**Task brief:**
From the listing below, copy only the lines from the line that contains "Plana herri eragile" to the line that contains "Gaiarekiko ikuspegi zabalagoa", counting those two lines as part of the copy.

**Entries supplied:**
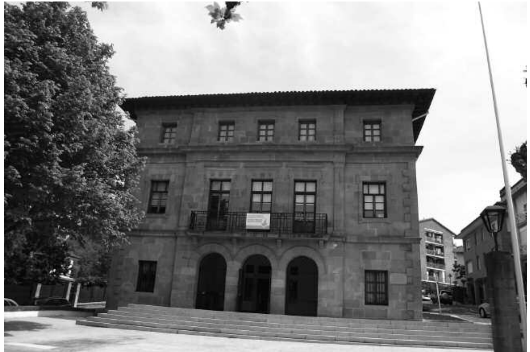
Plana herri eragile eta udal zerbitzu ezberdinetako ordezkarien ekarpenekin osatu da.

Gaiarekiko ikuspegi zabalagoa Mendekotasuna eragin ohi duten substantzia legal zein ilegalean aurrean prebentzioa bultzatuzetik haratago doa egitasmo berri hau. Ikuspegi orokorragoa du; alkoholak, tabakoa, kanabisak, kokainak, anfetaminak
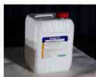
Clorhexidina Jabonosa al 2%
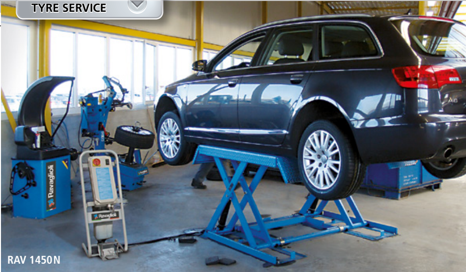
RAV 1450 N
==
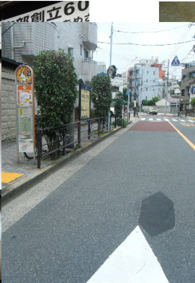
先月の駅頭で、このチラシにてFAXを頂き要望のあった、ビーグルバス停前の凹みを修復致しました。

**Completed exercise:**
Plana herri eragile eta udal zerbitzu ezberdinetako ordezkarien ekarpenekin osatu da.

Gaiarekiko ikuspegi zabalagoa Mendekotasuna eragin ohi duten substantzia legal zein ilegalean aurrean prebentzioa bultzatuzetik haratago doa egitasmo berri hau. Ikuspegi orokorragoa du; alkoholak, tabakoa, kanabisak, kokainak, anfetaminak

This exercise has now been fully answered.